Houston Chronicle

Federal court halts planned WeChat ban

- By Jeanne Whalen

A federal court has granted a preliminar­y injunction halting the Trump administra­tion’s planned ban of Chinese app WeChat, in response to a plaintiff lawsuit saying the ban would harm their First Amendment rights.

In an order issued late Saturday, the United States District Court in San Francisco said the plaintiffs, a group of WeChat users, had shown there are “serious questions” related to their First Amendment claim.

The Trump administra­tion had planned effectivel­y to ban WeChat and fellow Chinese-owned app TikTok in the U.S. late Sunday by preventing them from appearing in mobile-phone app stores.

But neither ban is set to proceed immediatel­y after the court order and a separate decision Saturday by the Commerce Department to delay the TikTok ban until Sept. 27 because the app’s owner is negotiatin­g a possible deal to give Oracle Corp. oversight of U.S. user data.

The Commerce Department did not respond immediatel­y to a request for comment.

The now-delayed bans stemmed from a pair of executive orders Trump issued Aug. 6, declaring that both apps posed threats to national security because they collected “vast swaths” of data on Americans

and other users, and offered the Chinese Communist Party avenues for censoring or distorting informatio­n.

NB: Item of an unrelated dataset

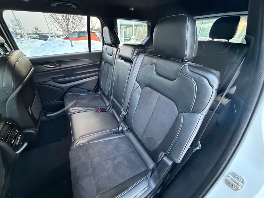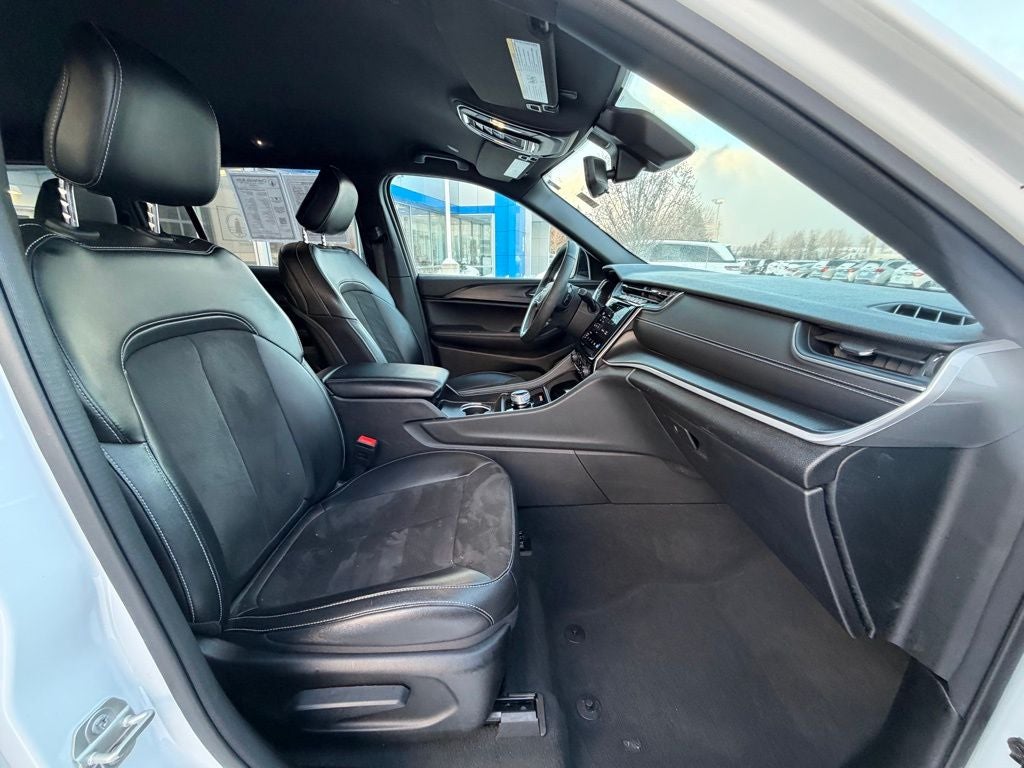 Grand Cherokee L Altitude, 4D Sport Utility, 3.6L V6 24V VVT, 8-Speed Automatic, 4WD, Bright White Clearcoat, Global Black Artificial Leather, 115V Auxiliary Power Outlet, 180 Amp Alternator, 3rd Row Charge-Only USB Ports, 7 & 4 Pin Wiring Harness, Altitude Appearance Package, Automatic Headlamp Leveling System, Black Headliner, Capri Leatherette/Suede Seats, Class IV Receiver Hitch, Delete Laredo Badge, Dual Exhaust Tips, Gloss Black Exterior Accents, Heated Front Seats, Heated Steering Wheel, Heavy-Duty Engine Cooling, Power Liftgate, Quick Order Package 23B Altitude, Rain Sensitive Windshield Wipers, Rear Load Leveling Suspension, Remote Start System, Selectable Tire Fill Alert, Trailer Hitch Zoom, Trailer Tow Package, Wheels: 18 x 8.0 Fully Painted Aluminum 1, Wireless Charging Pad, 2nd Row 60/40 Bench w/Manual Tip/Slide, 2nd Row Seat Center Armrest/Cupholders, 3 Rear Seat Head Restraints, 3.45 Rear Axle Ratio, 3rd row seats: split-bench, 4-Wheel Disc Brakes, 6 Speakers, 7-Passenger Seating, ABS brakes, Air Conditioning, Alloy wheels, Anti-whiplash front head restraints, Automatic temperature control, Brake assist, Bumpers: body-color, Center Rear 3-Point Seat Belt, Cloth Seats, Compass, Delay-off headlights, Driver door bin, Driver vanity mirror, Dual front impact airbags, Dual front side impact airbags, Electronic Stability Control, Emergency communication system, Four wheel independent suspension, Front anti-roll bar, Front Bucket Seats, Front Center Armrest w/Storage, Front dual zone A/C, Front reading lights, Fully automatic headlights, Heated door mirrors, Illuminated entry, Knee airbag, Low tire pressure warning, Manual Fold Seatbacks, Normal Duty Suspension, Occupant sensing airbag, Outside temperature display, Overhead airbag, Overhead console, Panic alarm, ParkView Rear Back-Up Camera, Passenger door bin, Passenger vanity mirror, Power door mirrors, Power driver seat, Power steering, Power windows, Radio data system, Radio: Uconnect 5 w/8.4 Display, Rear air conditioning, Rear anti-roll bar, Rear reading lights, Rear window defroster, Rear window wiper, Reclining 3rd row seat, Remote keyless entry, Security system, Speed control, Speed-Sensitive Wipers, Split folding rear seat, Spoiler, Steering wheel mounted audio controls, Tachometer, Telescoping steering wheel, Tilt steering wheel, Traction control, Trip computer, Variably intermittent wipers, Voltmeter, Wheels: 18 x 8.0 Fully Painted Aluminum, Grand Cherokee L Altitude, 4D Sport Utility, 3.6L V6 24V VVT, 8-Speed Automatic, 4WD, Bright White Clearcoat, Global Black Artificial Leather, 115V Auxiliary Power Outlet, 180 Amp Alternator, 3rd Row Charge-Only USB Ports, 7 & 4 Pin Wiring Harness, Altitude Appearance Package, Automatic Headlamp Leveling System, Black Headliner, Capri Leatherette/Suede Seats, Class IV Receiver Hitch, Delete Laredo Badge, Dual Exhaust Tips, Gloss Black Exterior Accents, Heated Front Seats, Heated Steering Wheel, Heavy-Duty Engine Cooling, Power Liftgate, Quick Order Package 23B Altitude, Rain Sensitive Windshield Wipers, Rear Load Leveling Suspension, Remote Start System, Selectable Tire Fill Alert, Trailer Hitch Zoom, Trailer Tow Package, Wheels: 18 x 8.0 Fully Painted Aluminum 1, Wireless Charging Pad.

A group called the WeChat Users Allliance filed suit in federal court last month seeking to stop a ban, arguing that the app represents a virtual public square for Chinese speakers in the United States and that banning it would harm free speech. The Trump administra­tion announced details of the proposed ban

Friday.

“The court grants the motion on the ground that the plaintiffs have shown serious questions going to the merits of the First Amendment claim,” Judge Laurel Beeler wrote in the order granting the preliminar­y injunction.

“There are serious First Amendment problems with the WeChat ban, which targets the Chinese American community and trampled on their First Amendment guaranteed freedoms to speak, to worship, to read and react to the press, and to organize and associate for numerous purposes,” a lawyer for the plaintiffs, Michael Bien, said in reaction to the court order.

The proposed TikTok ban also has been criticized on First Amendment grounds.

Under a separate executive order issued last month, TikTok owner ByteDance has until Nov. 12 to complete a sale of its U.S. operations.